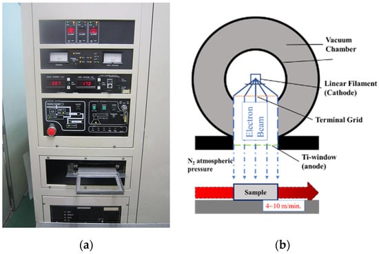 After molding and cutting, samples were treated with a HLEBI processor (Table 4) (Type LB250/15/180L, Energy Science, Inc., Woburn, MA, USA, Iwasaki Electric Group, Ltd., Tokyo, Japan), as shown in Figure 6a,b []. Faudree et al. (2022) gives a detailed explanation []. To estimate how far into sample thickness HLEBI activates, penetration depth, Dth (μm) is calculated. When ρ is sample density (g cm−3) and V is acceleration voltage at sample surface (kV), the Dth can be obtained []:
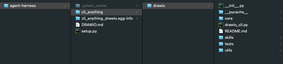 <software>/└── agent-harness/ ├── <SOFTWARE>.md # Project-specific analysis and SOP ├── setup.py # PyPI package configuration (Phase 7) ├── cli_anything/ # Namespace package (NO __init__.py here) │ └── <software>/ # Sub-package for this CLI │ ├── __init__.py │ ├── __main__.py # python3 -m cli_anything.<software> │ ├── README.md # HOW TO RUN — required │ ├── <software>_cli.py # Main CLI entry point (Click + REPL) │ ├── core/ # Core modules (one per domain) │ │ ├── __init__.py │ │ ├── project.py # Project create/open/save/info │ │ ├── ... # Domain-specific modules │ │ ├── export.py # Render pipeline + filter translation │ │ └── session.py # Stateful session, undo/redo │ ├── utils/ # Shared utilities │ │ ├── __init__.py │ │ ├── <software>_backend.py # Backend: invokes the real software │ │ └── repl_skin.py # Unified REPL skin (copy from plugin) │ └── tests/ # Test suites │ ├── TEST.md # Test documentation and results — required │ ├── test_core.py # Unit tests (synthetic data) │ └── test_full_e2e.py # E2E tests (real files) └── examples/ # Example scripts and workflowsCLI-Anything Hub,任何人都可以通过 PR 提交新的 CLI,社区可以直接浏览安装。提供了许多功能完备,测试充分,可以生产环境可用的CLI, 当我们安装完插件后,可以看到目录~/.claude/plugins/marketplaces/cli-anything/就有很多可以直接用的CLI了,Draw.io便是其中之一,它的目录结构如图:
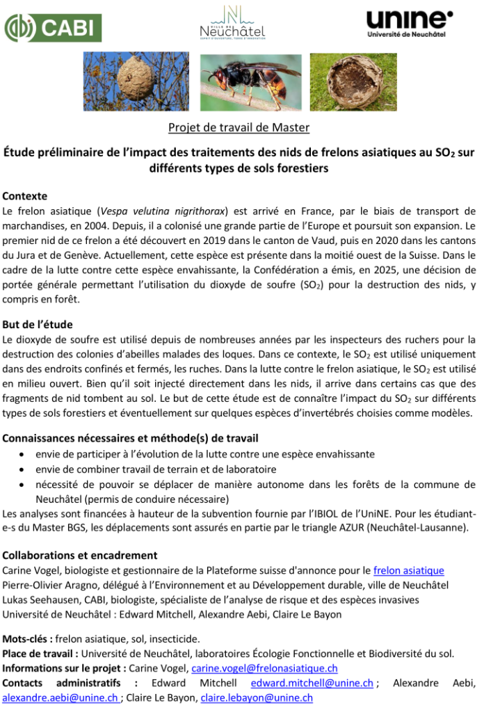 Sur la base de résultats préliminaires, un travail de Master sur l’impact des traitements des nids de frelons asiatiques au SO2 sur différents types de sols forestiers est actuellement proposé aux étudiants de l’Université de Neuchâtel. Ci-dessous son descriptif en français et en anglais.
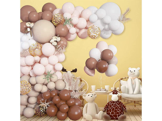Brown Balloons Garland Arch Kit, Neutral Tan Balloons for Teddy Bear Baby Shower Decorations Coffee Nude Peach Gold Confetti Balloons
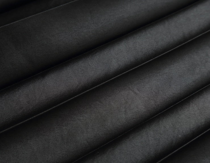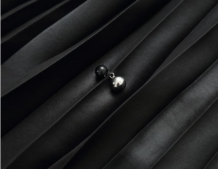 The COMME MOI Lv Yan WILLOW skirt combines double-sided satin Japanese fabric with a triacetate and polyester blend, delivering a structured silhouette with a pleated, calendered finish that resembles leather. Decorative bright silver spherical pendants and matte black rivet buttons add elegant shimmer. The PU waistband features a bright silver rectangular loop for easy adjustment, while the asymmetric hemline sculpts and flatters the legs, making this skirt a refined choice for sophisticated, contemporary wear.
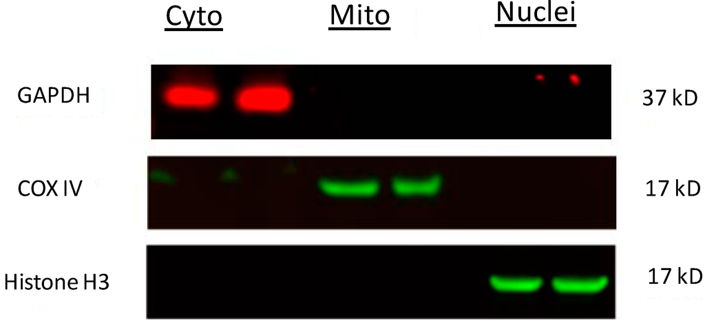 Western blots showing purity of subcellular fractions. Cytosolic, mitochondrial and nuclear fractions were isolated according to the protocol described in the Experimental section and equal amount of proteins (20 µg) were loaded side by side on the same gel. The membrane was probed separately with three primary antibodies against GAPDH, COX IV and Histone H3. A single band for GAPDH at approximately 37 kD in the cytosolic fraction, an obvious band for COX IV at approximately 17 kD in the mitochondrial fraction, and a band for Histone H3 closing to 17 kD in the nuclear fraction was observed. There was no obvious contamination among different fractions.
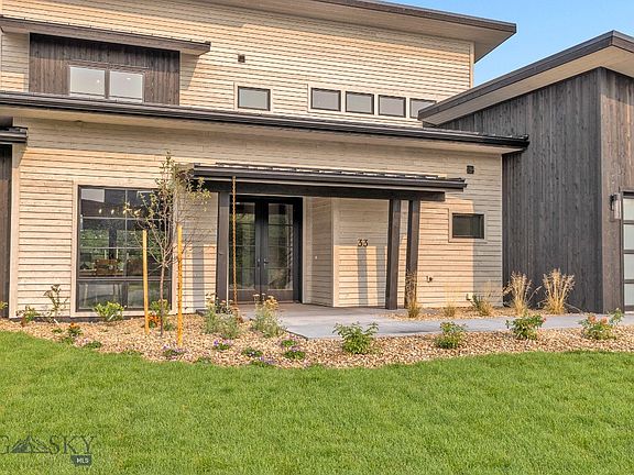 Welcome to this stunning, newly constructed two-story home located in the prestigious Black Bull community, backing up to the serene golf course. This property is a true masterpiece, blending modern luxury with thoughtful design. As you enter, you’ll be immediately captivated by the exquisite details, including beautiful hardwood floors, custom beams, built-in shelving, and a sleek custom fireplace. These elements come together to create a warm and inviting living area that effortlessly flows into the heart of the home—an impeccable kitchen that’s a chef’s and entertainer's dream. Equipped with top-of-the-line stainless steel Thermador appliances, expansive cabinetry, and a spacious pantry, this kitchen offers both style and practicality. The island serves as a statement piece, showcasing a stunning granite countertop, bar seating, and additional cabinets for extra storage. Natural light floods the home through Anderson 400 series windows, enhancing the open, airy feel of each room and offering breathtaking views of the surrounding landscape from one of the most coveted lots in the private community. On the main floor, the luxurious master suite provides ultimate comfort with private patio access and a designated hot tub location, perfect for relaxation. The spa-like master bath features heated floors, a stunning tile shower, a standalone soaking tub, and dual vanities for added convenience. The large walk-in closet includes built-in shelving, providing generous space for all your wardrobe needs. Also on the main level, you’ll find a guest bedroom, a stylish half bath, and a laundry room complete with a utility sink, and an incredible entry closet with additional drop zone opportunities for every weather condition Montana throws at you. Upstairs, provides flexible space for entertainment. The master bedrooms, with their own luxurious full bathrooms, offer the same high-end finishes as the rest of the home, including custom cabinetry and beautiful countertops. Step outside to the deck off the second-floor living area, where you’ll enjoy panoramic views of meadows, farmland, golf course, and a peaceful stream—an ideal setting for relaxation or outdoor gatherings. This home also offers separate heating and cooling zones for each level, with ceiling fans in every room for added comfort. The attached 3-car garage is heated, includes a convenient drain, and offers ample space for storage and organization. (PHOTOS VIRTUALLY STAGED)

——

→ **EXERCISE PROMPT**
Exactly as they stand, set down the lines from the start of the material through the line with "Brown Balloons Garland", both ends included, omitting the pictures.

→ **RESULT BELOW**
 After molding and cutting, samples were treated with a HLEBI processor (Table 4) (Type LB250/15/180L, Energy Science, Inc., Woburn, MA, USA, Iwasaki Electric Group, Ltd., Tokyo, Japan), as shown in Figure 6a,b []. Faudree et al. (2022) gives a detailed explanation []. To estimate how far into sample thickness HLEBI activates, penetration depth, Dth (μm) is calculated. When ρ is sample density (g cm−3) and V is acceleration voltage at sample surface (kV), the Dth can be obtained []:
 <software>/└── agent-harness/ ├── <SOFTWARE>.md # Project-specific analysis and SOP ├── setup.py # PyPI package configuration (Phase 7) ├── cli_anything/ # Namespace package (NO __init__.py here) │ └── <software>/ # Sub-package for this CLI │ ├── __init__.py │ ├── __main__.py # python3 -m cli_anything.<software> │ ├── README.md # HOW TO RUN — required │ ├── <software>_cli.py # Main CLI entry point (Click + REPL) │ ├── core/ # Core modules (one per domain) │ │ ├── __init__.py │ │ ├── project.py # Project create/open/save/info │ │ ├── ... # Domain-specific modules │ │ ├── export.py # Render pipeline + filter translation │ │ └── session.py # Stateful session, undo/redo │ ├── utils/ # Shared utilities │ │ ├── __init__.py │ │ ├── <software>_backend.py # Backend: invokes the real software │ │ └── repl_skin.py # Unified REPL skin (copy from plugin) │ └── tests/ # Test suites │ ├── TEST.md # Test documentation and results — required │ ├── test_core.py # Unit tests (synthetic data) │ └── test_full_e2e.py # E2E tests (real files) └── examples/ # Example scripts and workflowsCLI-Anything Hub,任何人都可以通过 PR 提交新的 CLI,社区可以直接浏览安装。提供了许多功能完备,测试充分,可以生产环境可用的CLI, 当我们安装完插件后,可以看到目录~/.claude/plugins/marketplaces/cli-anything/就有很多可以直接用的CLI了,Draw.io便是其中之一,它的目录结构如图:
 Sur la base de résultats préliminaires, un travail de Master sur l’impact des traitements des nids de frelons asiatiques au SO2 sur différents types de sols forestiers est actuellement proposé aux étudiants de l’Université de Neuchâtel. Ci-dessous son descriptif en français et en anglais.
Brown Balloons Garland Arch Kit, Neutral Tan Balloons for Teddy Bear Baby Shower Decorations Coffee Nude Peach Gold Confetti Balloons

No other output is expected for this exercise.